Writing 101: Comedy and Tragedy

There are dozens of different book genres, but when you get right down to it there are only two types of books: comedies and tragedies. Do you know which type of book you're writing, and what makes the difference between the two?

Comedy and Tragedy

Dustin Hoffman explains the nature of book writing beautifully in Stranger Than Fiction, one of my favorite movies. In the flick, he tells Will Ferrell the difference between a comedy and a tragedy: "Tragedy you die, comedy you get hitched." It's a pretty simple explanation, some might say trite, but it's also true. Every fiction book falls somewhere inside the comedy-tragedy spectrum. Sometimes, it's easy to tell which kind of book you're reading. Really clever writers keep you guessing until the very end. But when you're writing, you have to know which direction you're pursuing...because if you don't, no one else will be able to figure it out, either. 

  • Comedy


Comedies are funny, and generally they have relatively happy endings. There's a common misconception that comedy stories can't be serious. This is absolutely false. In fact, it's a great idea to blend humor into your dramatic scenes, because that makes them a whole lot easier for readers to take. When a book is too dramatic and too heavy, it's going to turn readers off. Life is already dramatic and heavy, so don't be afraid to lighten up a little when you're writing. People read to escape their reality. Don't make the world they're escaping into one sad, heavy event after the next. Some writers add specific, funny characters into their stories to lighten up the mood and provide some much-needed laugh lines. This is a device known as comic relief. Comedy always has a place in any story.

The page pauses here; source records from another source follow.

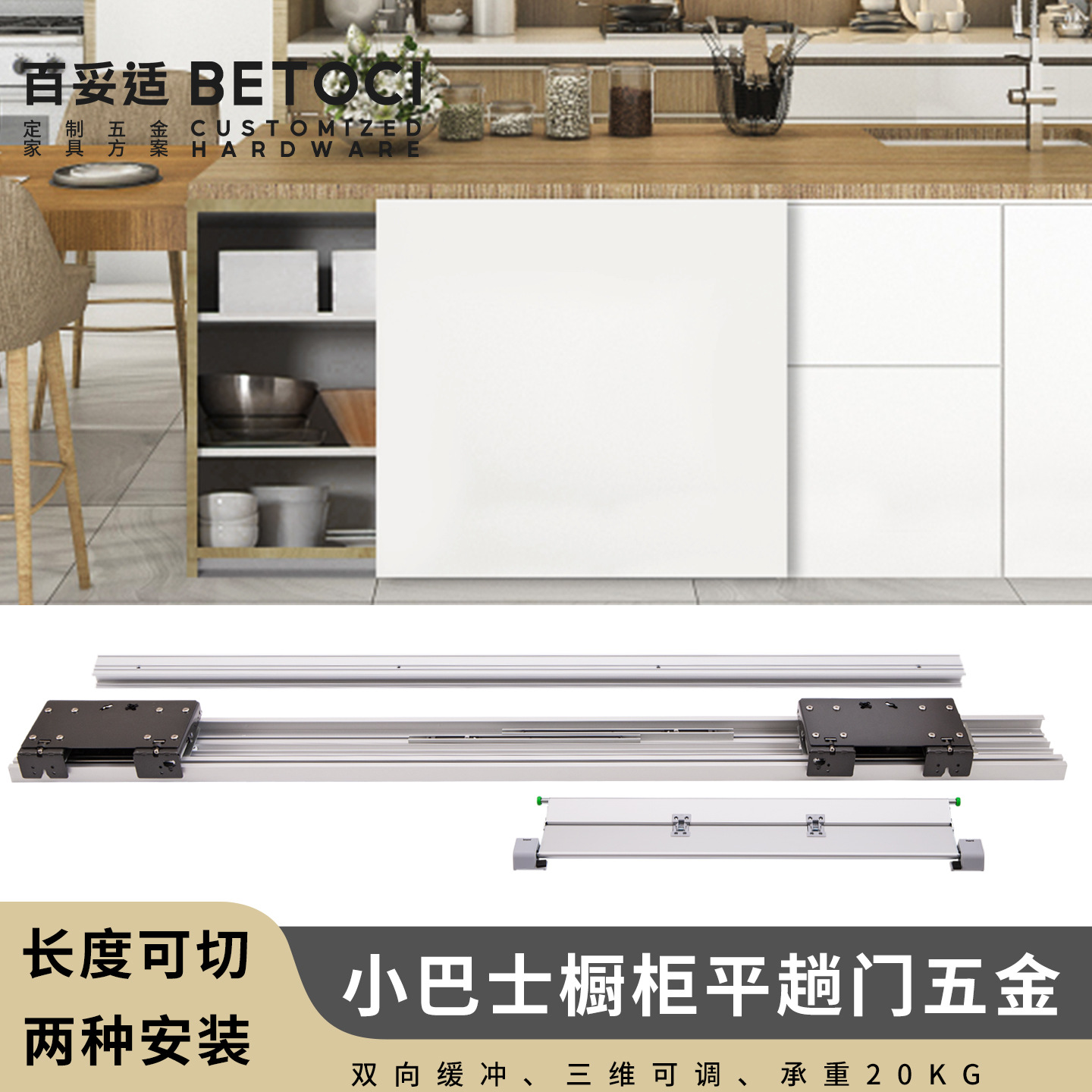 Kabinet gantung, kabinet gantung datar, jalur pintu bus, penyangga dua arah, peredam lantai, pintu geser tidak terlihat, rel geser, Aksesori roda pintu geser
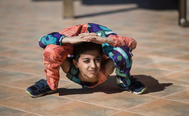 Mohammed, just 1.37 metres (four foot, six inches) tall and weighing 29 kilograms (64 pounds), can bend his body in seemingly impossible ways, throwing his feet over his shoulders with reckless abandon or jumping into a spider-like pose.
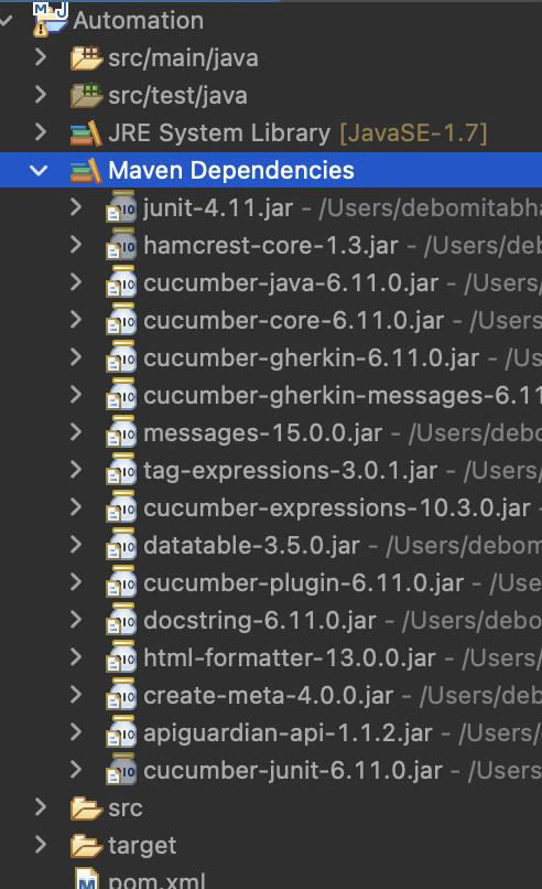 步骤 4− 单击项目中的 Maven Dependencies 文件夹。我们通过 Maven 获得的所有与 Cucumber 相关的依赖项都应可见。
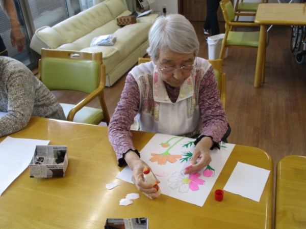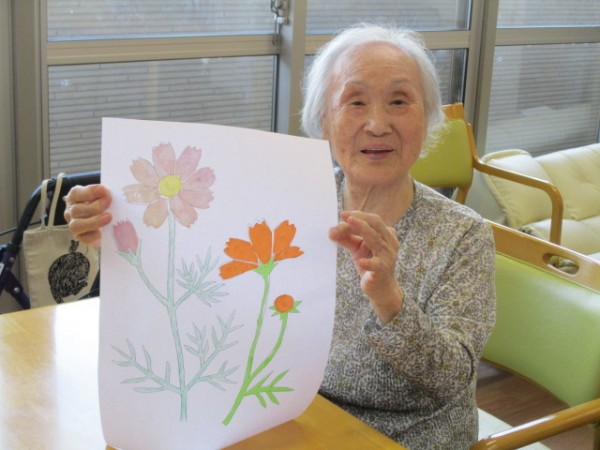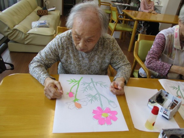 今日はコスモスの塗り絵を行いました。 そのご様子をお知らせいたします!
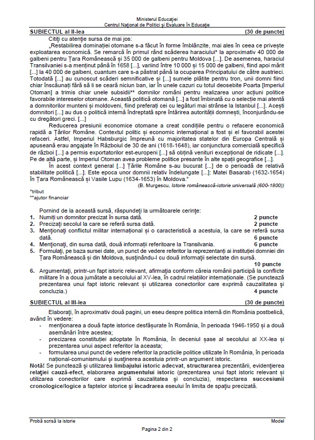 2 din 4 | Examenul Național de Bacalaureat: proba obligatorie a profilului, disciplina Istorie.
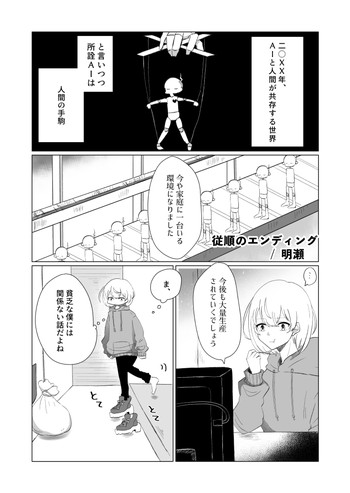 今回の作品は「東京アニメーションカレッジ専門学校」の学生さん、ペンネーム"明瀬"さん作のマンガ作品「従順のエンディング」です。
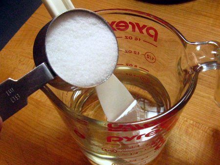 To start, dissolve 3/4 cup sugar in 1/2 cup boiling water. Stir until dissolved.
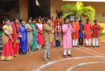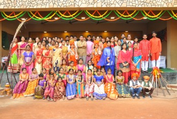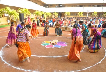 Bonfire and rangoli display were the attractions of the event. Bonfire signifies the beginning of Sankranthi and Lohri as both are harvest festivals. A colourful rangoli with gobbemmalu exhibited a village atmosphere. A melodious song with the traditional dance by the gorgeously dressed girls around the gobbemmalu was the most appealing part of the programme.
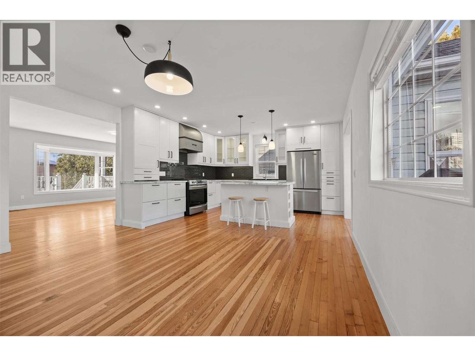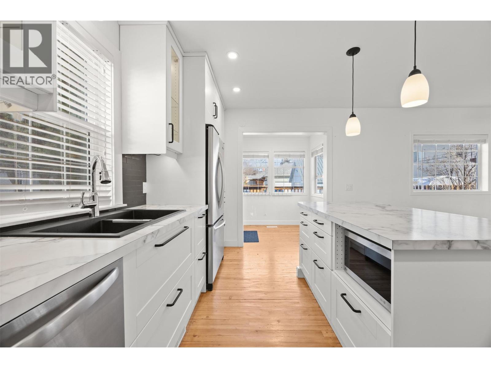 Discover this bright and inviting 4-bedroom, 2-bathroom home located in the heart of the highly sought-after Kelowna South neighborhood. Filled with character and modern updates, this south-facing property is situated on a RU6 zoned lot with carriage house potential. The home welcomes you through a bright foyer leading into a spacious living room. The modernized, airy kitchen features a door opening directly to the backyard. The main floor includes two well-sized bedrooms, one of which features french doors leading to the deck. Upstairs, you will find the primary bedroom, an additional bedroom, and a bathroom. The basement offers a finished den/flex room, laudry, while the remaining unfinished space provides a versatile area for a workshop or games room. You can enjoy entertaining outdoors on the large deck and appreciate maintenance-free living with synthetic turf in both the front and back yards. Parking & Storage includes a single-car garage 17'by 20'11"", a large shed, and a driveway with room for four cars or an RV. The laneway access offers future potential for a carriage home. Recent Updates include the AC and furnace that were replaced in 2017, and a new irrigation system was installed in 2023. The location is perfect as you are a short stroll from Kelowna’s best attractions, including pristine beaches, trendy restaurants, Pandosy Village, Okanagan College, downtown and the hospital. Outdoor enthusiasts will also appreciate the proximity to the Sutherland Transportation corridor. (id:58842)
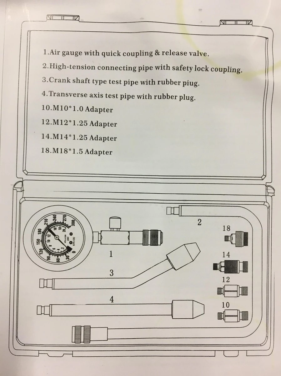 Weber Tools compressiemeter voor benzinemotoren voorzien van verschillende adapters.
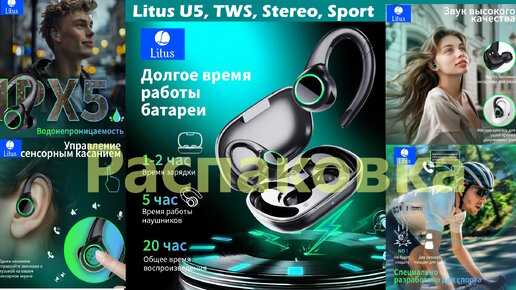 Litus U5 - Распаковка спортивных TWS наушников с ушным крюком... не для моих ушей...
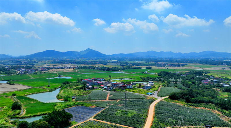 新华网合肥9月26日电(周雨濛)初秋时节,怀宁大地郁郁葱葱,一片生机盎然。驱车行驶在怀宁县公岭镇公路,两侧白墙黛瓦的民居与成片的蓝莓园交错相织、相映成景。
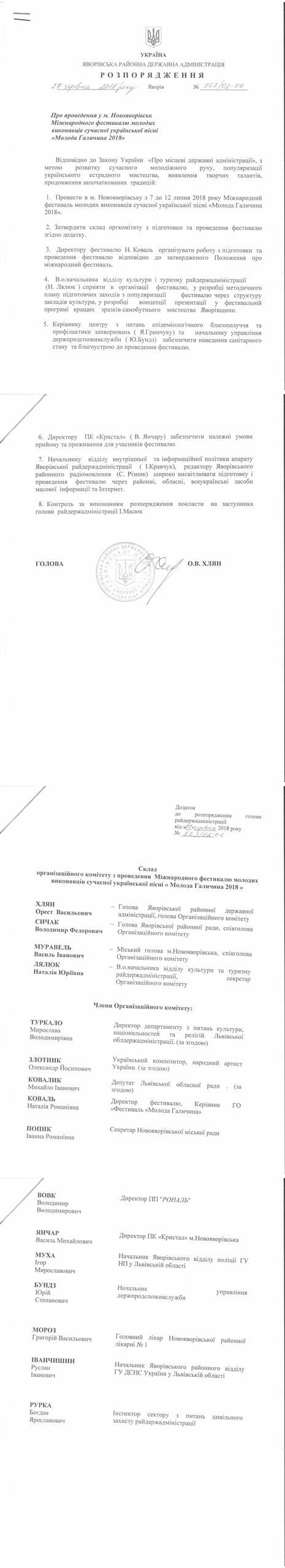 №563/02-06 2018-07-04 Про проведення у м. Новояворівськ Міжнародного фестивалю молодих виконавців сучасної української пісні "Молода Галичина 2018"
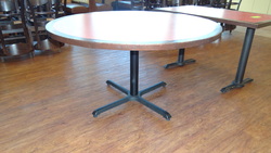 (2) Sets Upholstered Booths with Sold Wood Tables 48" X 28"#378 - (2) Solid Wood Tables. One Round 54" and One 54" X 28"
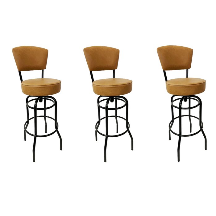 Kit 3 Banquetas Alta Bar Giratória com Encosto cor Preta Assento cor caramelo Confortável Poltronas
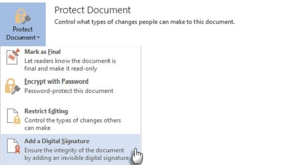 Protect Document / Protect Workbook / Protect Presentation را انتخاب و بر روی گزینه
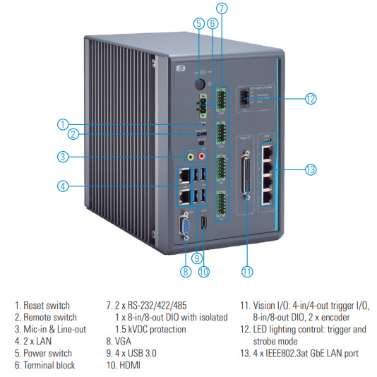 智能型视觉平台系统MVS900-511-FL支援2组最高达32GB的DDR4-2133/2400无缓冲SO-DIMM插槽系统存储器,提供2组易抽换2.5吋硬盘机固定架,满足大量储存需求。配备4组PoE接口、2组RS-232/422/485口、1组隔离式8-in/8-out DIO口、4组高速USB 3.0接口、1组HDMI接口、1组VGA接口、1组Mic-in/Line-out音频装置以及1组内部USB连接器等丰富功能界面;另提供1组电源开关、1组远端开关、1组重新啓动开关、1组3-pin接线端子以及AT/ATX快速开关。同时支援可信赖平台模块TPM 2.0功能,大幅提升安全性。
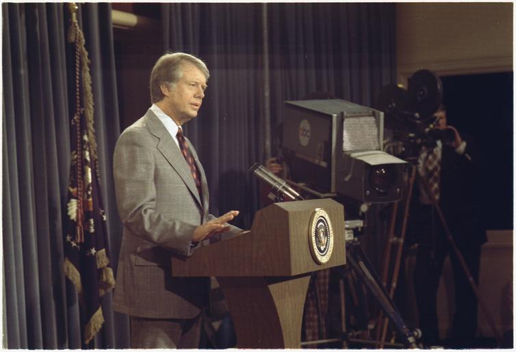 | Keywords: President Jimmy Carter, first press conference - NARA - 173605.tif Scope and content General notes 173605 Local identifier President 1977-1981 Carter White House Staff Photographers 01/20/1977 - 01/20/1981 Jimmy Carter Library NLJC 441 Freedom Parkway Atlanta GA 30307-1498 1977-02-08 Record group Collection JC-WHSP Carter White House Photographs Collection 01/20/1977 - 01/22/1981 Record group ARC 1120 Carter White House Photographs Presidential compiled 01/20/1977 - 01/22/1981 Series ARC 173341 File unit First Press Conference 02/08/1977 - 02/08/1977 File unit ARC 173604 Variant control numbers NAIL Control Number NLC-WHSP-C-00248-8 yes Other versions NARA-cooperation PD-USGov Press conferences in the White House Jimmy Carter |

But if you're writing a story that can be identified as a comedy, your main character has to overcome their greatest obstacle and/or defeat their foe (the antagonist, or villain, of the story). In almost all cases, the main character is alive at the end of the comedy and the reader has a general sense that their life is going to work out okay. Some writers craft beautiful, tear-soaked tragedies, only to flip the audience on their heads at the end of the book and resolve the whole thing with a blissfully happy ending where the main character is alive and well. It can be an effective writing device, but it can also be a bit of a slap in the face to the reader. So if you're going to write a happy comedy ending, make sure it makes sense. The ending must fit the rest of the book, and shouldn't necessarily come too abruptly. It's also important to note that the hero, or protagonist, of any comedy story is likeable. The most well-known type of literary comedy is probably the romantic comedy, in which a couple comes together after several funny obstacles are put in their way.

Literary comedy examples: A Midsummer Night's Dream, Twelfth Night, Bridget Jones's Diary, Freaky Friday

  • Tragedy

Tragedies go for tears, not laughter. In a tragedy, people are going to die. In many cases, the main character is going to die at the end of the book. Tragedies contain a lot of drama, and more than one very sad and heart-wrenching scene. Every good book contains some tragedy within it, and it's okay to add a little sadness even into a very funny comedy. It's never  easy to make your reading audience laugh or cry, and the secret is to find a good balance. Don't just hit them constantly with sadness, but also don't lighten your tragedy with too much humor that might take away from the seriousness of the book. 

In a tragedy, the villain of the book doesn't necessarily have to win. Many great tragedies have been written where the hero wins but still dies. In many tragic endings, however, the book ends quite sadly. Goodness, love, chivalry -- these things have not prevailed. One of the most famous, and well-known, examples of literary tragedy is Romeo and Juliet. Other examples include Bridge to Terabithia and The Shipping News. At the end of a tragedy, your readers ought to be in tears. 

Comedy and Tragedy, Redux

The greatest stories blend elements of comedy and tragedy together in the same book, allowing readers to experience a full gamut of emotion. When it's done well, it becomes a wonderful adventure of hope, sadness, laughter and loss. When it's done badly, it becomes a roller-coaster ride that jerks readers back and forth, excruciatingly so. Pay attention to how you're feeling when you're reading your work, and how much your feeling, and how many times your feelings are changing. You want to keep your audience engaged and involved...but you don't want to jerk them around.